Honeywell, OneWeb Partner on Satellite Broadband Service

Honeywell is partnering with OneWeb, a startup satellite company founded by a group of former Google execs and backed by Richard Branson's Virgin Group and Qualcomm, to bring broadband Internet service to aircraft anywhere in the world — and maybe even the airplane you fly.

Planned to make its commercial debut about four years from now, OneWeb will deploy 650 low-Earth-orbit satellites capable of providing up to 10 terabits per second of high-speed Internet data to billions of users around the world.

OneWeb has selected Honeywell as a "key partner" to bring broadband Internet access to commercial jetliners, military aircraft and business airplanes — and possibly even light general aviation aircraft.

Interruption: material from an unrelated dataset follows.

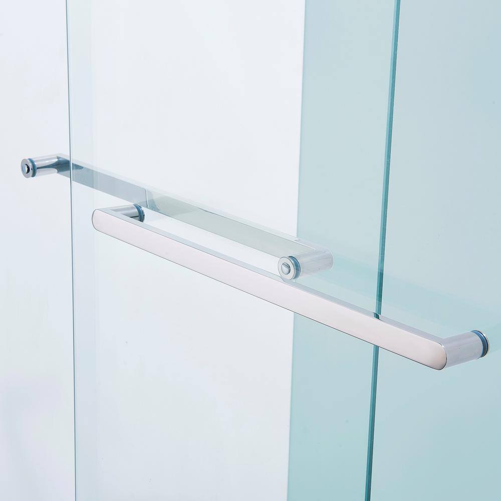 Q: How do I clean and maintain the door? A: The shower door features a smooth tempered glass surface that can be easily cleaned with standard glass cleaners. Regular maintenance will keep it looking clean and clear.

While Honeywell hasn't announced a service for the lighter end of GA, sources say the OneWeb airborne hardware will be small and light enough to fit on just about any aircraft, down to the size of a typical single-engine airplane.

Honeywell will use OneWeb's bandwidth to stream maintenance data, transmit weather and navigation data to pilots, and supply super-fast Internet connections to passengers. The system also could stream real-time flight data or cockpit audio and video, ideas regulators are discussing after the disappearance of Malaysia Airlines Flight 370 last year.

Honeywell presumably won't be the only hardware and service provider to offer OneWeb access to aviation customers, but it will have a sizable head start on the competition as an early partner. Nor will OneWeb be the only global broadband Internet provider as Google, Facebook and SpaceX eye this emerging market as well. But again, with OneWeb planning to start launching its Ku-band satellites starting in 2017, it will have a jump on competitors that could prove vital to its long-term success.